Input data: Begin

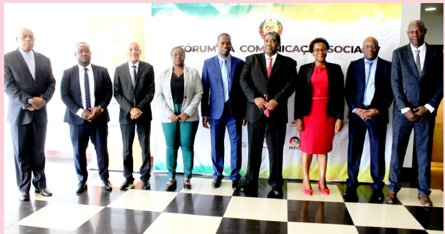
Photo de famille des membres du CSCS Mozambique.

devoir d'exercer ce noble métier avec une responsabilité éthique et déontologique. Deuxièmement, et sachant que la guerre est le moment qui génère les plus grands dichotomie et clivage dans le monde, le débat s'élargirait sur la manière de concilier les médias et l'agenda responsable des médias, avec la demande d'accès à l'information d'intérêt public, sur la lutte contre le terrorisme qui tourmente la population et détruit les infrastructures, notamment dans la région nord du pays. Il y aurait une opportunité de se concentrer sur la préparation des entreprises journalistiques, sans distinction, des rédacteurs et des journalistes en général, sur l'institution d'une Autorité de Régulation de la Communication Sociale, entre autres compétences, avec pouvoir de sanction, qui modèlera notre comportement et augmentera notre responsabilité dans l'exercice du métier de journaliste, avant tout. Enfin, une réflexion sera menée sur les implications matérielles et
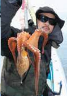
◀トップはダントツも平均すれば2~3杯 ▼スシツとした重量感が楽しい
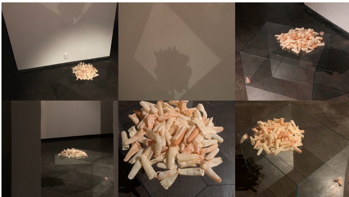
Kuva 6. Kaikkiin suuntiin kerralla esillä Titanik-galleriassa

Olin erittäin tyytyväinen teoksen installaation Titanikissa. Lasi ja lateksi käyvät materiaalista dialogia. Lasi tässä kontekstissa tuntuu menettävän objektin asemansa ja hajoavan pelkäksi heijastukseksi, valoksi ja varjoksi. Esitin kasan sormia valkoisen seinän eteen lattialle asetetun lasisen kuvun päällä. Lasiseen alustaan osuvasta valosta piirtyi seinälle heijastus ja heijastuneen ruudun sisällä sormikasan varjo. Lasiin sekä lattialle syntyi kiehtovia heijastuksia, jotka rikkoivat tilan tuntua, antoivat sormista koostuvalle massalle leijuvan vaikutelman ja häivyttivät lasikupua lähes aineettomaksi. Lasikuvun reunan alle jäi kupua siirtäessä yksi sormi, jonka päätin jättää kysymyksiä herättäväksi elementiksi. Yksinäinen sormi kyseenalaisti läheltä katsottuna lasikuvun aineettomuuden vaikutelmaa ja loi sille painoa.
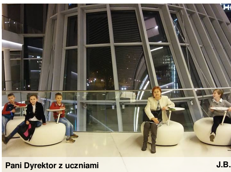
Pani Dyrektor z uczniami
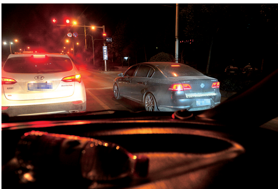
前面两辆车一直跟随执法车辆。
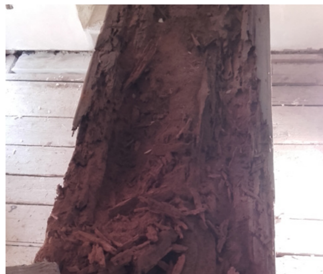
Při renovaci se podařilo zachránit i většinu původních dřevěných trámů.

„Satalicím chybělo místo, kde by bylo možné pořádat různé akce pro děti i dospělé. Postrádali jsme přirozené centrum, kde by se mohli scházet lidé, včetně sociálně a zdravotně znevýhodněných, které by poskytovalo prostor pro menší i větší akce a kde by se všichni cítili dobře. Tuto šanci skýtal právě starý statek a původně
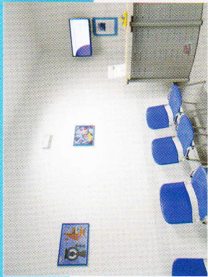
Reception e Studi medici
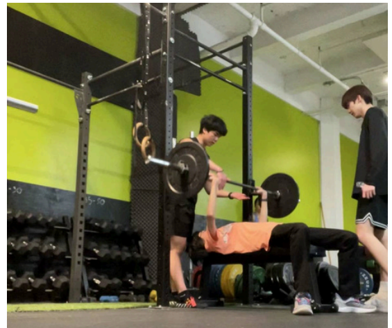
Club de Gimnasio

Input data: End

Exercise prompt:
From first line to last, return the records verbatim without their pictures.

Exercise solution:
Photo de famille des membres du CSCS Mozambique.

devoir d'exercer ce noble métier avec une responsabilité éthique et déontologique. Deuxièmement, et sachant que la guerre est le moment qui génère les plus grands dichotomie et clivage dans le monde, le débat s'élargirait sur la manière de concilier les médias et l'agenda responsable des médias, avec la demande d'accès à l'information d'intérêt public, sur la lutte contre le terrorisme qui tourmente la population et détruit les infrastructures, notamment dans la région nord du pays. Il y aurait une opportunité de se concentrer sur la préparation des entreprises journalistiques, sans distinction, des rédacteurs et des journalistes en général, sur l'institution d'une Autorité de Régulation de la Communication Sociale, entre autres compétences, avec pouvoir de sanction, qui modèlera notre comportement et augmentera notre responsabilité dans l'exercice du métier de journaliste, avant tout. Enfin, une réflexion sera menée sur les implications matérielles et
◀トップはダントツも平均すれば2~3杯 ▼スシツとした重量感が楽しい
Kuva 6. Kaikkiin suuntiin kerralla esillä Titanik-galleriassa

Olin erittäin tyytyväinen teoksen installaation Titanikissa. Lasi ja lateksi käyvät materiaalista dialogia. Lasi tässä kontekstissa tuntuu menettävän objektin asemansa ja hajoavan pelkäksi heijastukseksi, valoksi ja varjoksi. Esitin kasan sormia valkoisen seinän eteen lattialle asetetun lasisen kuvun päällä. Lasiseen alustaan osuvasta valosta piirtyi seinälle heijastus ja heijastuneen ruudun sisällä sormikasan varjo. Lasiin sekä lattialle syntyi kiehtovia heijastuksia, jotka rikkoivat tilan tuntua, antoivat sormista koostuvalle massalle leijuvan vaikutelman ja häivyttivät lasikupua lähes aineettomaksi. Lasikuvun reunan alle jäi kupua siirtäessä yksi sormi, jonka päätin jättää kysymyksiä herättäväksi elementiksi. Yksinäinen sormi kyseenalaisti läheltä katsottuna lasikuvun aineettomuuden vaikutelmaa ja loi sille painoa.
Pani Dyrektor z uczniami
前面两辆车一直跟随执法车辆。
Při renovaci se podařilo zachránit i většinu původních dřevěných trámů.

„Satalicím chybělo místo, kde by bylo možné pořádat různé akce pro děti i dospělé. Postrádali jsme přirozené centrum, kde by se mohli scházet lidé, včetně sociálně a zdravotně znevýhodněných, které by poskytovalo prostor pro menší i větší akce a kde by se všichni cítili dobře. Tuto šanci skýtal právě starý statek a původně
Reception e Studi medici
Club de Gimnasio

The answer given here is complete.